L’émergence de Kevin Warsh dans le débat américain sur la politique monétaire constitue aujourd’hui un point d’attention sur les débats qui peuvent traverser les banques centrales aussi bien que sur l’éventuelle politique future de la Fed. Son approche ne peut être comprise ni comme un simple retour à l’orthodoxie monétaire des années Volcker, ni comme une simple critique conjoncturelle de la Réserve fédérale américaine. Elle s’inscrit plus profondément dans une interrogation historique sur les transformations du régime monétaire et financier issu de la grande crise de 2007-2009.

L’intérêt du débat ouvert par Warsh réside précisément dans le fait qu’il remet en cause certains fondements implicites du régime monétaire post-crise : l’acceptation de bilans durablement hypertrophiés des banques centrales, le rôle stabilisateur permanent attribué à la liquidité des instituts d’émission, ainsi que l’idée selon laquelle les banques centrales peuvent et doivent soutenir continuellement les marchés financiers afin de préserver la stabilité macroéconomique.

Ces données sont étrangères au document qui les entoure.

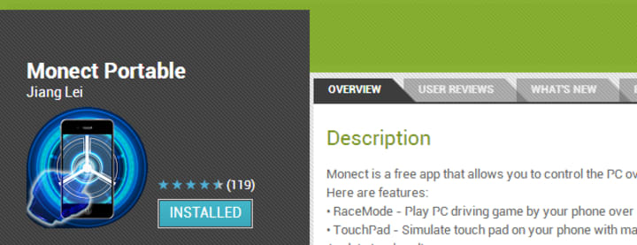 There are plenty of apps available in Google Player that let you use your phone or tablet as a wireless keyboard or mouse for a computer. Monect can be used in this way, but it also boasts a number of other options that cater to a variety of scenarios.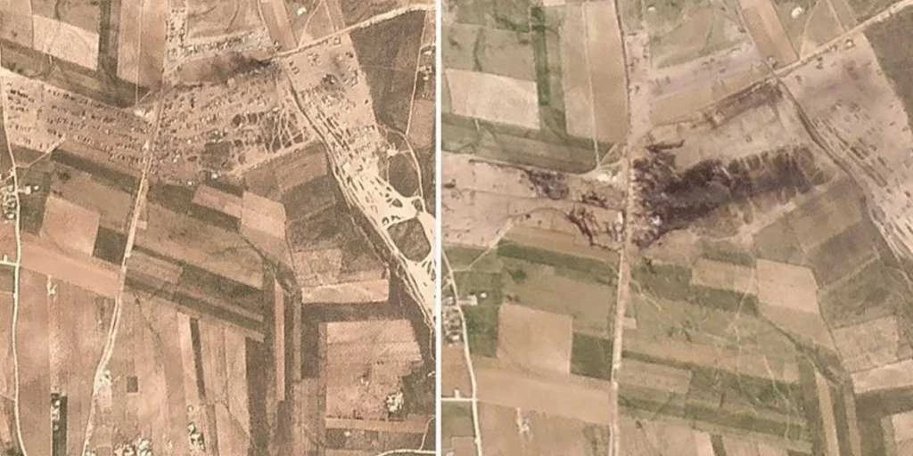 Спутниковый мониторинг Национального управления по аэронавтике и исследованию космического пространства США (NASA), который отслеживает вспышки на земной поверхности, связанные с пожарами или взрывами, показал большие очаги возгорания на этом месте рано утром 6 марта.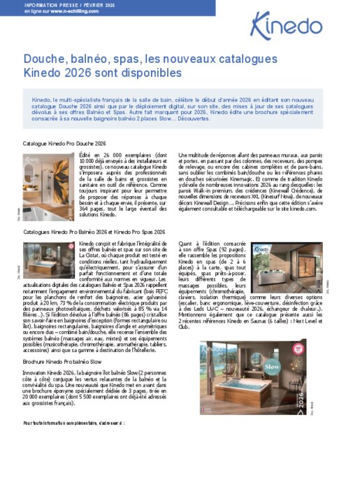 Kinedo, le multi-spécialiste français de la salle de bain, célèbre le début d’année 2026 en éditant son nouveau catalogue Douche 2026 ainsi que par le déploiement digital, sur son site, des mises à jour de ses catalogues dévolus à ses offres Balnéo et Spas.

La pensée de Warsh apparaît ainsi comme une tentative de réintroduire une forme de discipline monétaire et financière dans un système devenu progressivement dépendant de l’intervention des banques centrales et susceptible de créer un aléa moral durable dans le comportement des acteurs des marchés financiers. Pour comprendre cette position, il faut la replacer dans l’évolution historique des politiques monétaires depuis les années 1980.

La désinflation provoquée par Volcker à partir de 1979 avait ouvert une longue période de baisse structurelle de l’inflation. Celle-ci résultait certes du changement de doctrine monétaire, mais aussi, plus profondément, de transformations majeures du capitalisme mondial : globalisation financière, mondialisation, montée en puissance des pays émergents, révolution digitale et robotique. Comme à la fin du XIXe siècle, ces transformations avaient engendré simultanément un régime de faible inflation et une forte expansion financière.

Dans ce contexte, les banques centrales ont progressivement déplacé leur cadre d’action. La régulation monétaire par la quantité de monnaie a été abandonnée au profit d’un pilotage par les taux d’intérêt courts. Les années 1990 et 2000 ont alors vu s’imposer l’idée que la stabilité des prix garantissait de facto la stabilité macro-financière globale. Ce fut la période dite de la « grande modération ».

Mais, parallèlement, les cycles financiers se sont reconstitués. L’environnement de faible inflation et de taux structurellement bas ( et souvent plus bas que le taux de croissance) a favorisé la montée de l’endettement et des bulles des actifs patrimoniaux. La stabilité apparente des prix masquait en réalité une fragilité financière croissante. La crise de 2007-2009 a précisément révélé les limites de cette conception.

Face au risque systémique, les banques centrales ont alors joué pleinement leur rôle de prêteur en dernier ressort. Et elles ont abaissé leurs taux directeurs vers zéro puis innové avec les politiques non conventionnelles de Quantitative Easing (QE), consistant à acheter massivement des titres afin de comprimer les taux longs et les primes de risque. Ces politiques ont permis d’éviter une dépression comparable à celle des années 1930. Mais elles ont également transformé profondément le fonctionnement du système financier contemporain. Les bilans des banques centrales ont atteint des niveaux sans précédent. Les marchés se sont progressivement habitués à une présence permanente de la banque centrale. Les valorisations d’actifs ont été durablement soutenues par des conditions monétaires extraordinairement accommodantes.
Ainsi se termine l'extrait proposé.